Heroic Judge Robart in Washington has stopped, for the moment, Trump’s executive order banning travel from the Middle East, some of it. The irony is this: Nobody in his right mind would deny a president (some president other than this one) the power to stop entry into this country by some people or peoples in a time of emergency. But in his arrogance and wilfulness, Trump chooses the wrong people, too many people, and in the wrong way, which means that somewhere down the line, when this power is really needed by a president, it will be hobbled and muddled up by messy precedent and the legalities trailing along from this sad moment. This is the way in which Trump is going to weaken the presidency for the foreseeable future. He will require Congress and the Judiciary to install checks and barriers that would not have been necessary, would not have been thought of, had he taken a one day course in how to govern in a constitutional democracy.

February 4, 2017

Sam and I have tickets for Much Ado about Nothing at the Wortham tonight. Had to be pushed into going because I’ve become such an old limpet clinging to the bottom of my rock.

The Greensboro play was supposed to come with a cash prize. Of course that never materialized. They gave me a cardboard check three feet long for $5000. It was a joke.

Saturday, February 4, 2017


February 3, 2017

Congress rolls back citizen protection in the environment and finance. They’re like a gang of bad children left suddenly without adult supervision.  Better poems today. They actually listened to me. Young poets are afraid of actually telling the story of the poem. They’ll present a mist of uncertain generalities and someone will ask, “What does this mean?” and the poet will say, “Well, this is about the time I lost my buddy in Iraq,” and you’ll fountain forth Why the hell didn’t you say so? Someone introduced the concept of universality without telling them how it is to be achieved.

Thursday, February 2, 2017


February 2, 2017

A rouse for Brigid the Blessed.

Venus, Mars and the moon lined up last night in the clear sky. People said Uranus was in line behind them, but he could not be seen, at least by me.

Reading fiction submissions for ___ Magazine’s fiction contest. Out of 25 entries read so far, I put one in the “Yes” column for future consideration. Made some “Maybe’s” just so the orange card of “No” wouldn’t predominate so. Lots of mediocre work.  Is this a true indication of what people are doing? Limp. I blame Trump.

Some bad poems in class yesterday, me realizing that my pedagogical technique stops being so fluid when it comes up against the need to say, “No, that’s not it at all.”  After I corrected one poem’s mass of abstract diction, a class member said, “I LIKE the abstract words. I like the fact that it is so–abstract. I like the idea that you can’t really put a meaning on it.”  What needed to be said was, “In the world of the academic, that is one of the very few opinions which is absolutely wrong. always, in every context, and which cannot be countenanced in a serious classroom.” I don’t remember what I did, in fact, say. It wasn’t that.

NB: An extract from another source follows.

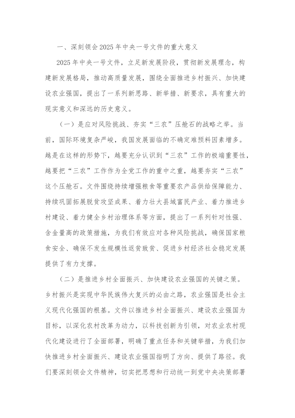 2025年市委书记在学习中央一号文件精神专题会上的研讨发言材料2篇同志们:在全国上下深入学习贯彻党的二十大和二十届二中、三中全会精神,全面推进中国式现代化建设的关键时期,2025年中央一号文件《中共中央国务院关于进一步深化农村改革扎实推进乡村全面振兴的意见》正式发布。这是党的十八大以来第13个指导“三农”工作的中央一号文件,充分体现了以习近平同志为核心的党中央对“三农”工作的高度重视和战略考量。文件深入贯彻落实习近平总书记关于“三农”工作的重要论述和重要指示精神,坚持和加强党对“三农”工作的全面领导,完整准确全面贯彻新发展理念,坚持稳中求进工作总基调,坚持农业农村优先发展,坚持城乡融合发展,坚持守正创新,锚定推进乡村全面振兴、建设农业强国目标,以改革开放和科技创新为动力,巩固和完善农村基本经营制度,深入学习运用“千万工程”经验,对2025年及今后一个时期“三农”工作作出了全面部署,为我们做好新时代“三农”工作提供了根本遵循和行动指南。下面,我谈几点体会,以供同志们参考。一、深刻领会2025年中央一号文件的重大意义2025年中央一号文件,立足新发展阶段,贯彻新发展理念,构建新发展格局,推动高质量发展,围绕全面推进乡村振兴、加快建设农业强国,提出了一系列新思路、新举措、新要求,具有重大的现实意义和深远的历史意义。(一)是应对风险挑战、夯实“三农”压舱石的战略之举。当前,国际环境复杂严峻,我国发展面临的不确定难预料因素增多。越是在这样的形势下,越要充分认识到“三农”工作的极端重要性,越要把“三农”工作作为全党工作的重中之重,越要夯实“三农”这个压舱石。文件围绕持续增强粮食等重要农产品供给保障能力、持续巩固拓展脱贫攻坚成果、着力壮大县域富民产业、着力推进乡村建设、着力健全乡村治理体系等方面,提出了一系列针对性强、含金量高的政策措施,为我们有效应对各种风险挑战,确保国家粮食安全、确保不发生规模性返贫致贫、促进乡村经济社会稳定发展提供了有力支撑。(二)是推进乡村全面振兴、加快建设农业强国的关键之策。乡村振兴是实现中华民族伟大复兴的必由之路,农业强国是社会主义现代化强国的根基。文件以推进乡村全面振兴、建设农业强国为目标,以深化农村改革为动力,以科技创新为引领,对农业农村现代化建设进行了全面部署,明确了重点任务和关键举措,为我们加快推进乡村全面振兴、建设农业强国指明了方向、提供了路径。我们要深刻领会文件精神,切实把思想和行动统一到党中央决策部署上来,坚定不移走中国特色社会主义乡村振兴道路,努力开创农业农村现代化建设新局面。(三)是增进农民福祉、促进共同富裕的务实之措。实现共同富裕,最艰巨最繁重的任务仍然在农村。文件始终坚持以人民为中心的发展思想,把增加农民收入、改善农民生活作为“三农”工作的出发点和落脚点,从做好“土特产”文章、“共同体”文章等方面入手,着力提升农民增收致富能力;从加强农村基础设施建设、提升农村公共服务水平、推进农村人居环境整治等方面入手,着力改善农村生产生活条件;从加强农村精神文明建设、推进农村移风易俗、加强农村基层党组织建设等方面入手,着力提升乡村治理水平,不断增强农民群众的获得感、幸福感、安全感。二、准确把握2025年中央一号文件的核心要义2025年中央一号文件紧扣“三农”工作新形势新任务新要求,聚焦重点领域和关键环节,提出了一系列具有创新性、突破性的政策举措,我们要准确把握其核心要义,切实把文件精神落到实处。(一)牢牢把握保障粮食安全这个首要任务。粮食安全是“国之大者”,是国家安全的重要基础。文件把持续增强粮食等重要农产品供给保障能力摆在首要位置,提出了一系列具体措施,包括深入推进粮油作物大面积单产提升行动、扶持畜牧业稳定发展、强化耕地保护和质量提升、推进农业科技力量协同攻关、加强农业防灾减灾能力建设、健全粮食生产支持政策体系、完善农产品贸易与生产协调机制、构建多元化食物供给体系、健全粮食和食物节约长效机制等。我们要深刻认识保障粮食安全的极端重要性,坚决扛稳粮食安全政治责任,采取有效措施,...

My body spends its days digesting its own blood and wringing the fluids out of me so I stagger around in a daze and can’t sing more than fifteen minutes without my throat becoming a desert within a desert.  Only anger keeps me moving.

Lilac crocus have been blooming for weeks, recently joined by yellow. DJ says my daffodils at the old house are in bud.

Phone call to J last night. Relief and joy, the sound of his voice just like old times. He was suffering all that time, and hid it from me.

February 1, 2017

For me, the Boy was a prefiguration of Trump, an ill-qualified narcissist dismantling a working institution without consultation with and in eventual defiance of his betters. Those who try to save them from their mistakes are treated as traitors.  It does no good to point out the destruction they cause, because it is THEIR destruction and therefore sacred. The mills of the gods grind slow, but in these cases I pray they grind exceeding fine.